WHAT TO WORK ON
Type out the listing below exactly. Pictures stay out of it.

DATA TO EXAMINE
■ ■ ■ ■
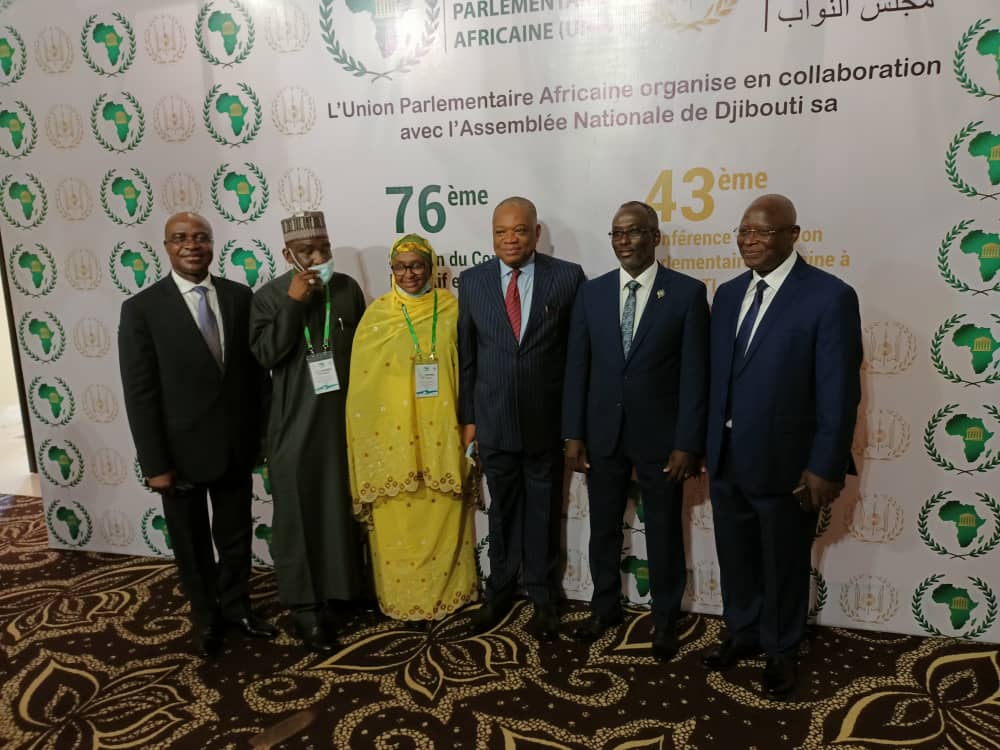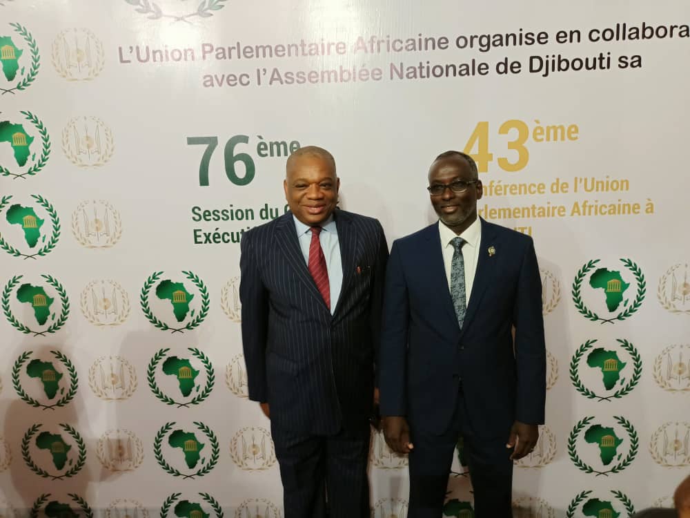 Chief Whip of the Senate and leader of the National Assembly delegation, Senator Orji Kalu and the Speaker National Assembly of Djibouti, Hon. Mohamed Ali Houmed at the 76th Session Of The Executive Committee And The 43rd Conference Of The National Parliamentary Assembly Of African Parliamentary Assembly Union in Djibouti on Monday.
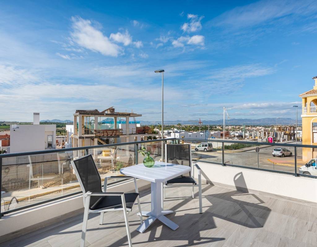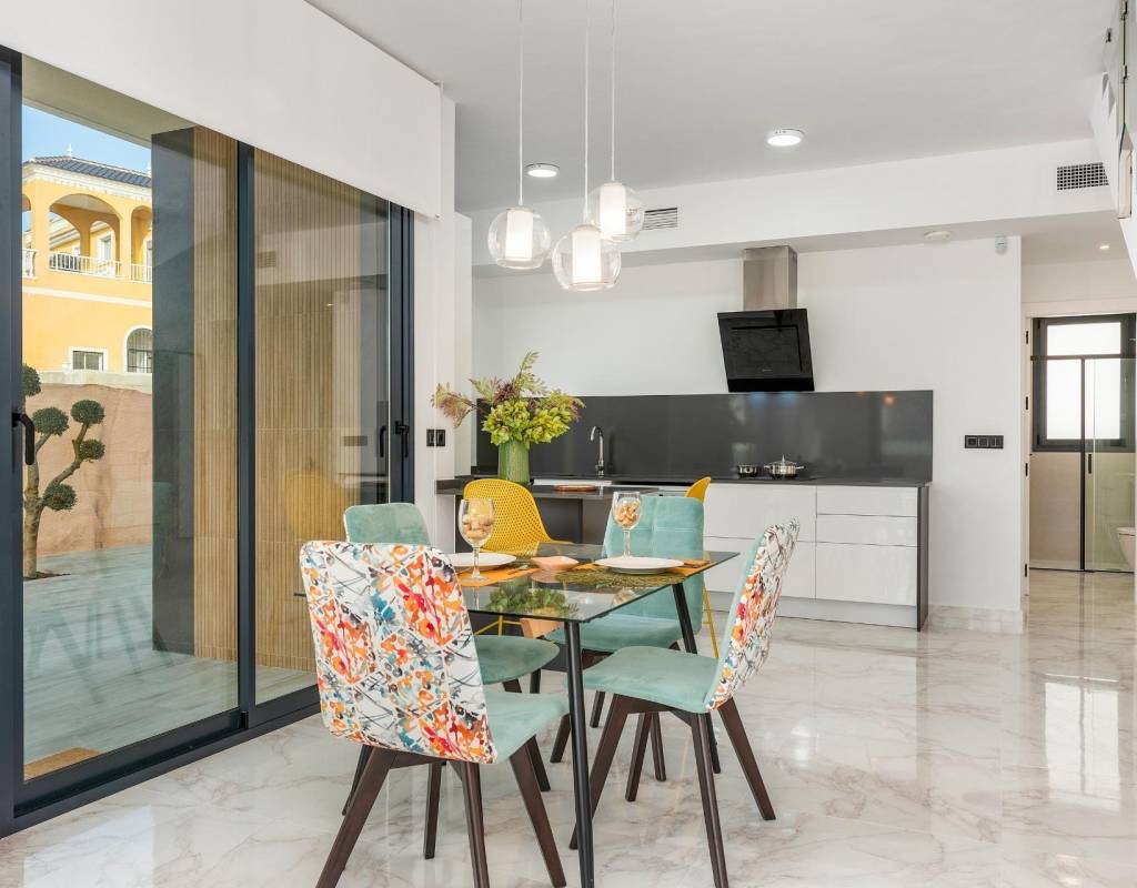 Déjame llevarte a un rincón donde la elegancia y la tranquilidad se fusionan en una sinfonía de confort: nuestra nueva villa de dos plantas en Benijófar. Esta residencia, que parece salida de un cuento, está estratégicamente ubicada cerca del campo de golf, ofreciéndote un estilo de vida lleno de distinción y serenidad.~~Imagina despertar cada mañana en una de las tres encantadoras habitaciones, todas diseñadas para ofrecerte un espacio acogedor y confortable. Con tres baños meticulosamente decorados, un luminoso salón comedor y una cocina abierta, cada detalle ha sido pensado para proporcionarte la máxima comodidad y elegancia. Además, la urbanización cuenta con su propia piscina comunitaria con jacuzzi para refrescarse bajo el sol del Mediterráneo.~~Relájate y desconecta en tu propio paraíso privado, donde una amplia parcela te ofrece un espacio donde poder hacer tu propio jardín o cenador y disfrutar de momentos inolvidables. Y para tu conveniencia, tendrás tu propia plaza de parking, garantizando un acceso fácil y seguro a tu hogar.~~Una de las ventajas de es la luminosidad excepcional que aporta en cada rincón por sus generosas ventanas y ventanales. Además, con una eficiencia energética A, estarás viviendo de manera sostenible sin comprometer el lujo y el confort.~~En este caso, la vivienda no cuenta con un el solárium en el tejado que se muestra en el vídeo, pero tenemos disponibles otras villas en el mismo residencial y con las mismas características que sí disponen del extra del solárium.~~Esta no es simplemente una casa; es el lugar donde tus sueños encuentran su hogar. No dejes pasar la oportunidad de hacer de esta villa tu santuario de lujo en Benijófar. Contáctanos hoy mismo y comienza a vivir la vida que te mereces.
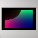 This poster features a digitally created image that resembles the crescent of a dark planet surrounded by a cosmic aurora of green, blue, purple and pink.
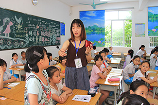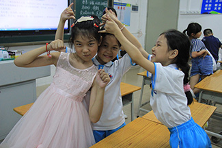 移步外语课室外则又是另外一番景象——学生正在用英语进行着自我介绍,有些学生的语句并不是那么流畅,红彤彤的脸蛋和紧皱的眉毛无不透露着紧张和不安,但最终在曾获和张贺雪两位老师的引导下都一一完成了自我介绍。外语不似汉语亲切,零零星星的一个个字母拼凑出了一句话或是一个句子,对于小学生来说,在学英语不仅要注重单词、语法等硬性要求,更重要是激起他们学习一门陌生语言的兴趣。曾获和张贺雪老师通过给他们看有趣的英语电影视频,教授英语绕口令等方法,来进行对单词、句子和语法的学习。特色外语课程旨在摆脱机械式的死记硬背,在教学的过程中创造性地设计贴近学生实际生活的场景,提高他们的学习兴趣,使他们能够积极参与到英语学习活动中。
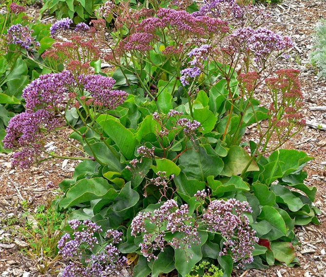 Кермек широколистный (Limonium latifolium) – наименее популярный вид, также культивируемый как многолетнее растение. Цветки очень мелкие, обычно розово-пурпурного цвета, собраны в не слишком густые метельчатые соцветия на верхушке ветвистого восходящего побега (высотой 60 см). Цветки кермека широколистного больше ассоциируются с цветками гипсофилы, являются очень красивым дополнением к сухим букетам и свежим цветочным композициям. Цветы расцветают с июня и цветут до поздней осени. Вид относительно устойчив к низким температурам.
■ ■ ■ ■
SOLUTION TO THIS EXERCISE
 Chief Whip of the Senate and leader of the National Assembly delegation, Senator Orji Kalu and the Speaker National Assembly of Djibouti, Hon. Mohamed Ali Houmed at the 76th Session Of The Executive Committee And The 43rd Conference Of The National Parliamentary Assembly Of African Parliamentary Assembly Union in Djibouti on Monday.
 Déjame llevarte a un rincón donde la elegancia y la tranquilidad se fusionan en una sinfonía de confort: nuestra nueva villa de dos plantas en Benijófar. Esta residencia, que parece salida de un cuento, está estratégicamente ubicada cerca del campo de golf, ofreciéndote un estilo de vida lleno de distinción y serenidad.~~Imagina despertar cada mañana en una de las tres encantadoras habitaciones, todas diseñadas para ofrecerte un espacio acogedor y confortable. Con tres baños meticulosamente decorados, un luminoso salón comedor y una cocina abierta, cada detalle ha sido pensado para proporcionarte la máxima comodidad y elegancia. Además, la urbanización cuenta con su propia piscina comunitaria con jacuzzi para refrescarse bajo el sol del Mediterráneo.~~Relájate y desconecta en tu propio paraíso privado, donde una amplia parcela te ofrece un espacio donde poder hacer tu propio jardín o cenador y disfrutar de momentos inolvidables. Y para tu conveniencia, tendrás tu propia plaza de parking, garantizando un acceso fácil y seguro a tu hogar.~~Una de las ventajas de es la luminosidad excepcional que aporta en cada rincón por sus generosas ventanas y ventanales. Además, con una eficiencia energética A, estarás viviendo de manera sostenible sin comprometer el lujo y el confort.~~En este caso, la vivienda no cuenta con un el solárium en el tejado que se muestra en el vídeo, pero tenemos disponibles otras villas en el mismo residencial y con las mismas características que sí disponen del extra del solárium.~~Esta no es simplemente una casa; es el lugar donde tus sueños encuentran su hogar. No dejes pasar la oportunidad de hacer de esta villa tu santuario de lujo en Benijófar. Contáctanos hoy mismo y comienza a vivir la vida que te mereces.
 This poster features a digitally created image that resembles the crescent of a dark planet surrounded by a cosmic aurora of green, blue, purple and pink.
 移步外语课室外则又是另外一番景象——学生正在用英语进行着自我介绍,有些学生的语句并不是那么流畅,红彤彤的脸蛋和紧皱的眉毛无不透露着紧张和不安,但最终在曾获和张贺雪两位老师的引导下都一一完成了自我介绍。外语不似汉语亲切,零零星星的一个个字母拼凑出了一句话或是一个句子,对于小学生来说,在学英语不仅要注重单词、语法等硬性要求,更重要是激起他们学习一门陌生语言的兴趣。曾获和张贺雪老师通过给他们看有趣的英语电影视频,教授英语绕口令等方法,来进行对单词、句子和语法的学习。特色外语课程旨在摆脱机械式的死记硬背,在教学的过程中创造性地设计贴近学生实际生活的场景,提高他们的学习兴趣,使他们能够积极参与到英语学习活动中。
 Кермек широколистный (Limonium latifolium) – наименее популярный вид, также культивируемый как многолетнее растение. Цветки очень мелкие, обычно розово-пурпурного цвета, собраны в не слишком густые метельчатые соцветия на верхушке ветвистого восходящего побега (высотой 60 см). Цветки кермека широколистного больше ассоциируются с цветками гипсофилы, являются очень красивым дополнением к сухим букетам и свежим цветочным композициям. Цветы расцветают с июня и цветут до поздней осени. Вид относительно устойчив к низким температурам.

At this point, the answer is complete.